International Monetary Fund Chief Economist Dr Gita Gopinath stated that over 80 per cent of the near term worsening global economic outlook is because of India, contradicting the view that India is an innocent bystander.

The budget’s nominal GDP projection for 2020–21 is 10 per cent, higher than the 7.5 per cent estimated for 2019–20. There is no projection for real GDP growth. But since consumer price inflation is currently around 6 per cent, the real GDP growth implicit in the budget may be no higher than the 4.8 per cent estimated for 2019–20. Green shoots need to be sustained to show that this is not a dead cat bounce.

The aggregate budget numbers give little indication of fiscal stimulus. This could be either because the government believes that the economy has turned around, or because it feels that there is no fiscal space given the targets mandated by the Fiscal Responsibility and Budget Management (FRBM) Act. The fiscal deficit of 3.5 per cent is marginally higher than the 3.4 per cent that was budgeted in the previous year but significantly lower than the revised estimate of 3.8 per cent.

In the absence of expenditure compression, the deficit may eventually exceed its projection (even if off-budget liabilities were excluded) due to overestimation of tax revenues, overly optimistic disinvestment projections and its impact on the consolidated budget deficit.
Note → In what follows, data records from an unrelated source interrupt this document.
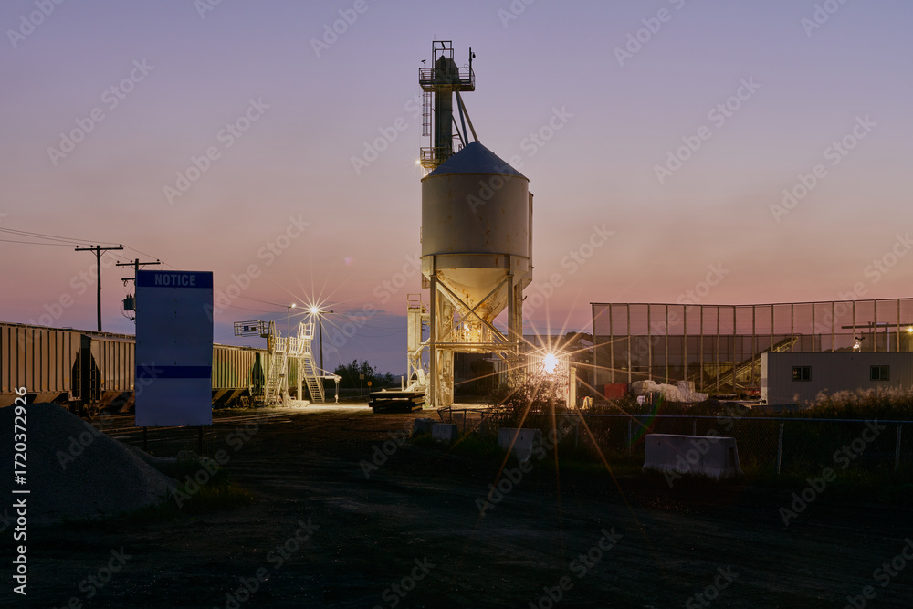 Illuminated grain silo and processing facility in Saskatchewan at night with industrial equipment and twilight sky. #1720372926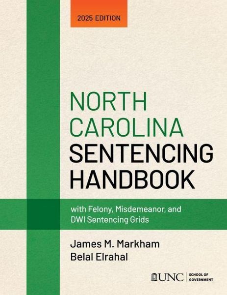The North Carolina Sentencing Handbook is a step-by-step guide to the sentencing of felonies, misdemeanors, and impaired driving offenses in North Carolina. The 2025 edition of the book includes the felony and misdemeanor sentencing grids that apply under Structured Sentencing and a table that shows the different sentencing levels for driving while impaired (DWI) offenses. Other topics addressed in the publication include drug trafficking sentencing, diversion programs (deferred prosecution and conditional discharge), probationary sentences, monetary obligations (fines, restitution, costs and fees), and sex offender registration.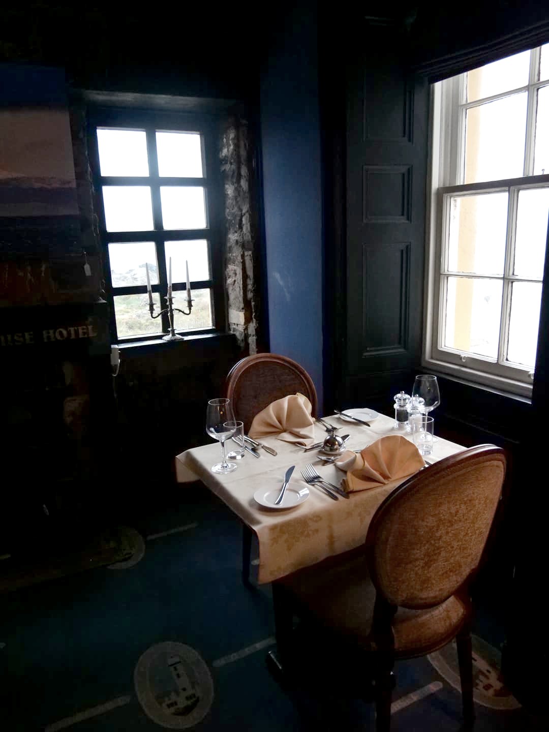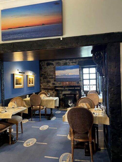 La Corsewall Lighthouse Hotel and Restaurant se trouve dans un cadre on ne peut plus paisible, à l’extrémité ouest de l’Écosse, face à Belfast, de l’autre côté de la Mer d’Irlande. C’est une région de pâturages, et à part des moutons, nous ne croisons quasiment personne sur la route qui nous y emmène !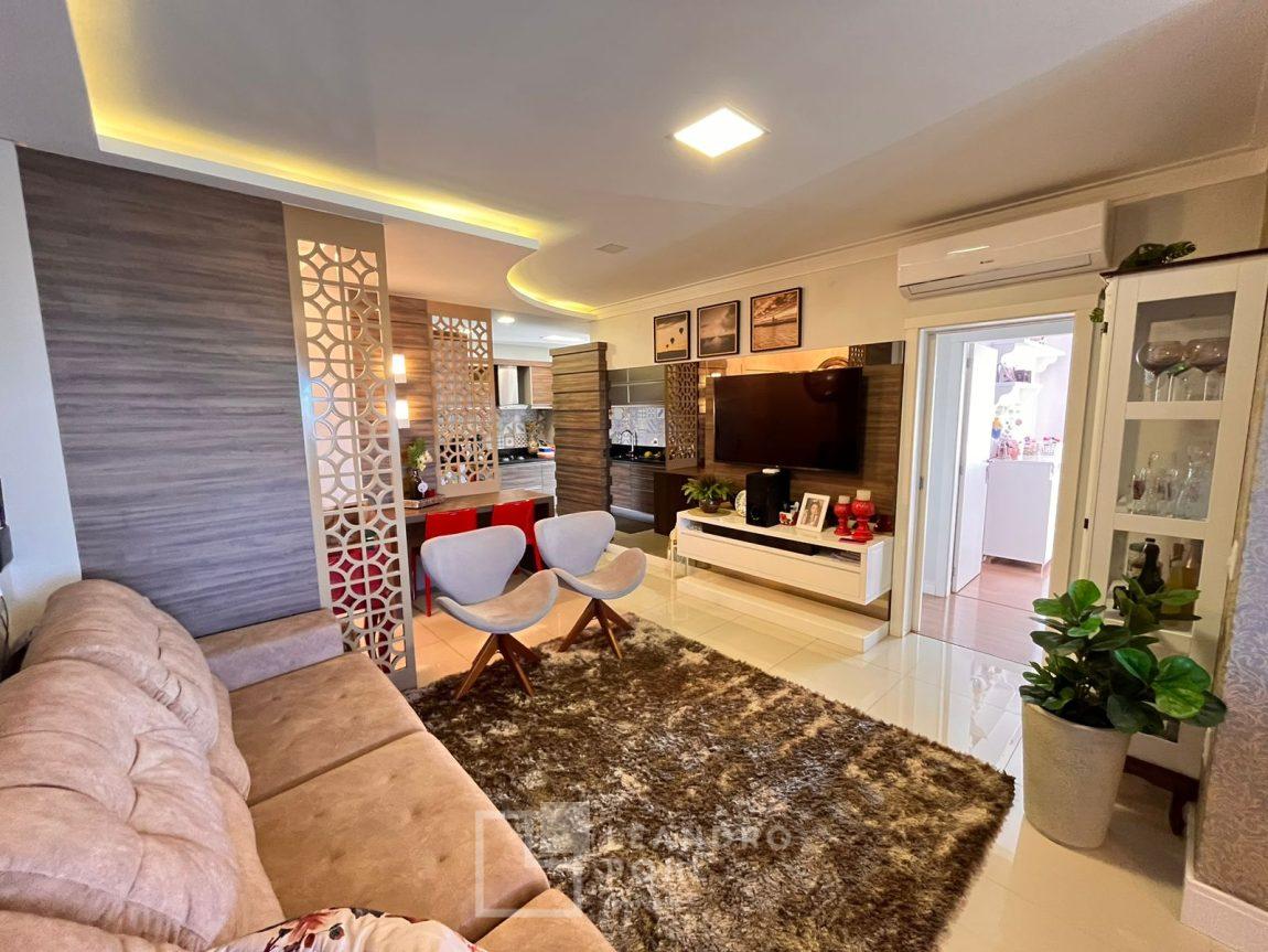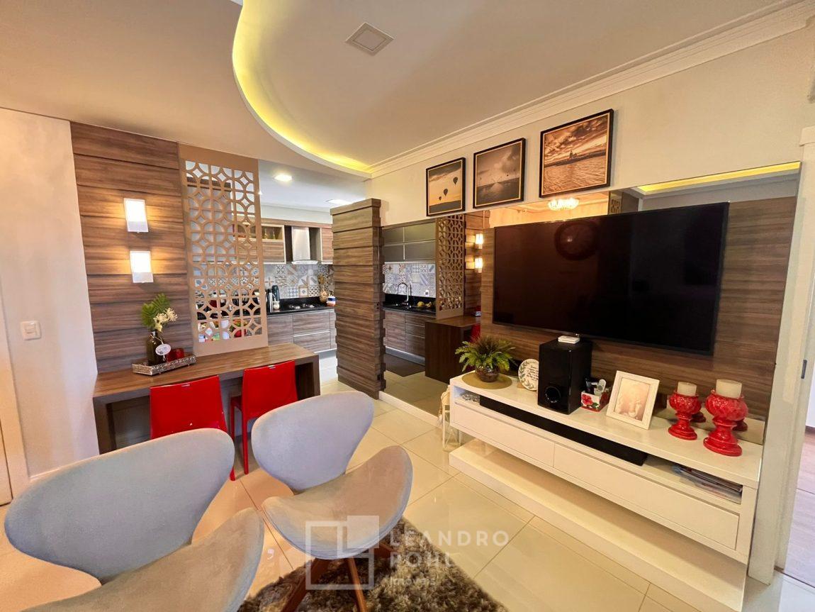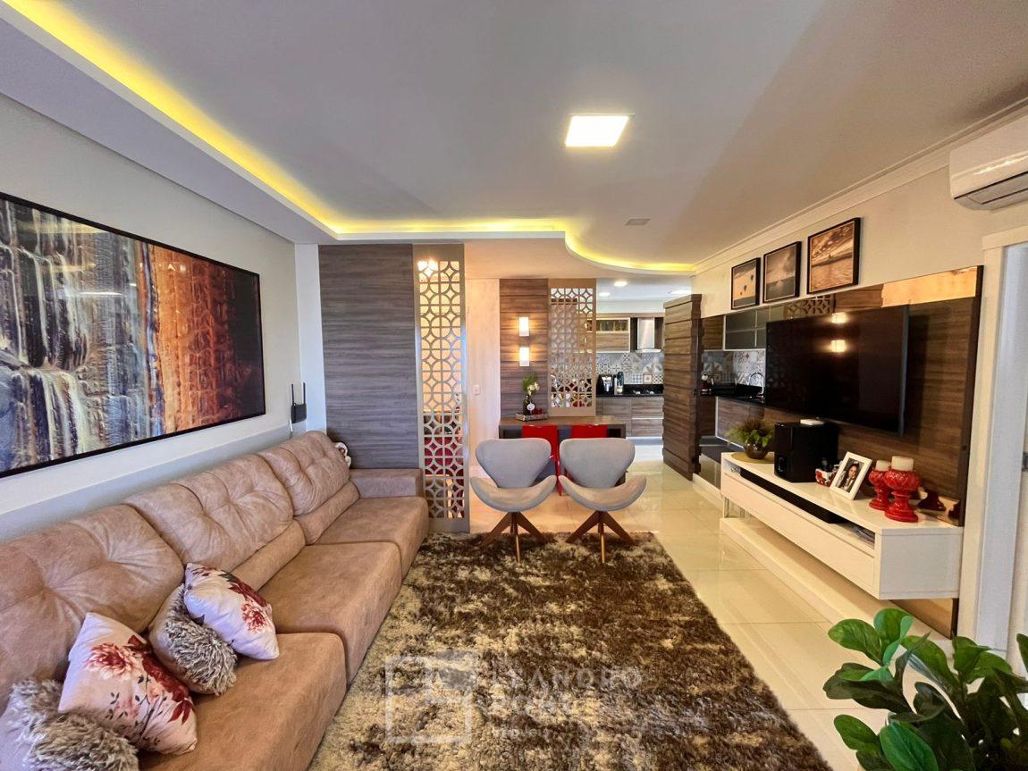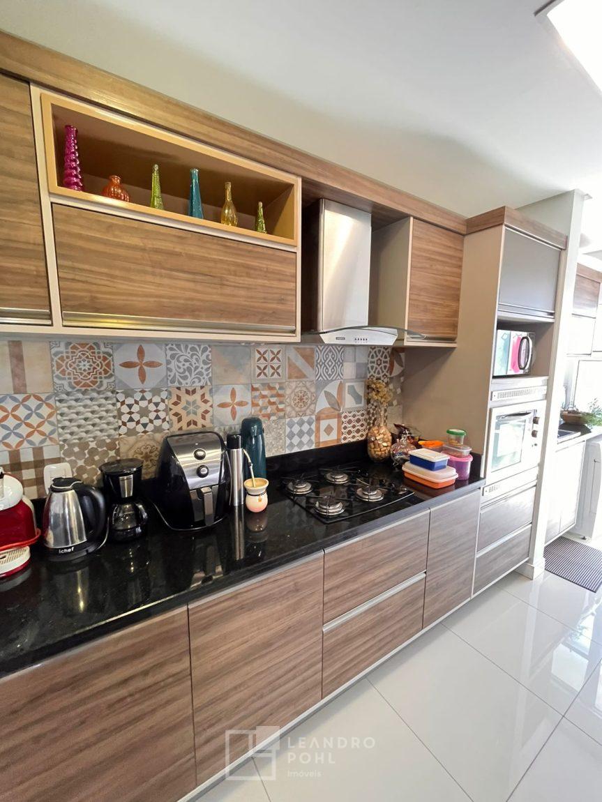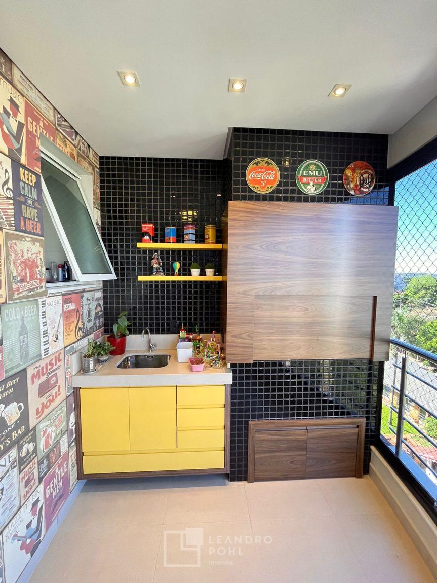 -Cozinha = Ficam móveis sob medida, forno embutido, fogão, coifa, torneira e luminária. Sala de estar = Home e painéis, ar-condicionado e luminárias.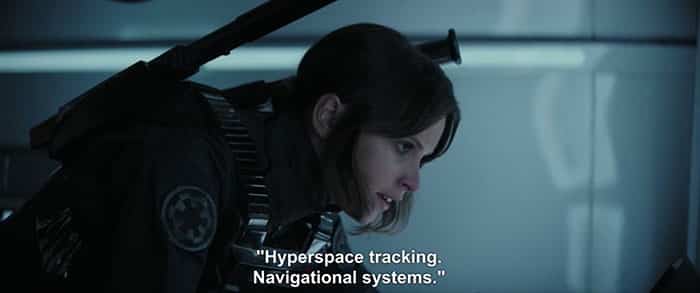 La imagen que colocamos sobre estas líneas nos muestra a Jyn Erso (Felicity Jones) durante su misión de infiltración en Scarif con Cassian Andor (Diego Luna). Mientras intentan localizar los planos de la Estrella de la Muerte en el catálogo del Imperio Galáctico (antes de leer «Estrellita«) pasan por delante de esta información. También se incluyó el concepto «Black Saber» que los más fanáticos tomaron como referencia al sable mandaloriano usado en ‘Star Wars Rebels‘. Pablo Hidalgo, uno de los máximos responsables del canon actual de Star Wars, confirmó este easter egg inmediatamente.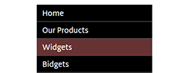 ul#nav { list-style-type: none; width: 12em; background: black; padding-left: 0; } ul#nav li a { color: #fff; text-decoration: none; font-size: larger; line-height: 200%; display: block; border-bottom: 1px solid #777; padding-left: 1em; } ul#nav li a:hover { background: #633; }

The projections of 12 per cent growth in tax revenues for 2020–21 appear unrealistic considering that the growth in the previous two years was just 8.5 per cent (2018–19) and 4 per cent (2019–20) due to a broken indirect tax system and sharp reduction in corporate tax rates.

The 2019–20 federal deficit was contained at 3.8 per cent of GDP against the 3.4 per cent budget projection. This was despite the 1.5 per cent of GDP shortfall in tax revenue caused by a reduction of 0.9 per cent of GDP in the states’ share of tax collections and an additional 0.3 per cent of GDP windfall from the central bank. The consequential reduction in the central fiscal deficit is likely to be countervailed by an increase in state fiscal deficits.

The budget expects to realise the equivalent of 0.9 per cent of GDP through the sale of public enterprise equity. This seems unlikely at a time of declining growth and animal spirits, and when the realisations during the last three years were just 0.6, 0.5 and 0.3 per cent.

But the fiscal deficit itself is not a robust measure of stimulus. All other things being equal, lower growth increases the cyclical budget deficit even in the absence of expenditure growth due to a contraction in tax revenue. The structural deficit remains unchanged. If the FRBM Act distinguished between the cyclical and structural components of the budget deficit by factoring in revenue shocks, Indian budgets could have found the fiscal space to increase expenditure and still adhere to the mandated deficit targets.

In the absence of such accounting, Indian budgets tend to be procyclical, overestimating budget deficits during downturns and underestimating them when growth is above potential. The best measure of fiscal stimulus is expenditure growth. Overall expenditure growth is just 12.6 per cent, marginally higher than nominal GDP growth but much lower than the 19.7 per cent growth in 2019–20.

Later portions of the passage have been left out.